#### EXERCISE PROMPT
All of the data, word for word and free of pictures, is the expected result.

DATA SEGMENT below:

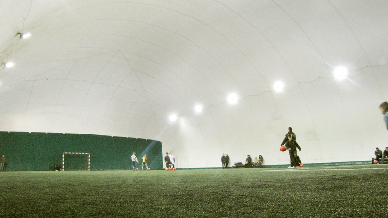Terenul este acoperit cu balon, permitand folosirea acestuia indiferent de anotimp sau de vreme, dat fiind ca asigura o izolare termica foarte buna. Presiunea este mai scazuta, nu se face condens si se diminueaza mult ecoul.
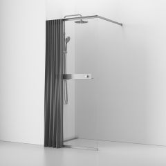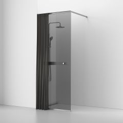 Välj önskad utförande på duschdörr. Finns att välja mellan kristallglas och rökglas med profilerna i matt aluminium och mattsvart färg, samt med eller utan hylla.
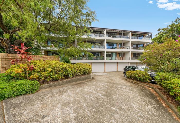 The main bedroom includes a private balcony framed by a leafy green outlook, creating a tranquil retreat. A double lock-up garage, modern bathroom, and well-maintained building complete this impressive package.

End of DATA SEGMENT.

#### SOLUTION FOR THIS TASK
Terenul este acoperit cu balon, permitand folosirea acestuia indiferent de anotimp sau de vreme, dat fiind ca asigura o izolare termica foarte buna. Presiunea este mai scazuta, nu se face condens si se diminueaza mult ecoul.
 Välj önskad utförande på duschdörr. Finns att välja mellan kristallglas och rökglas med profilerna i matt aluminium och mattsvart färg, samt med eller utan hylla.
 The main bedroom includes a private balcony framed by a leafy green outlook, creating a tranquil retreat. A double lock-up garage, modern bathroom, and well-maintained building complete this impressive package.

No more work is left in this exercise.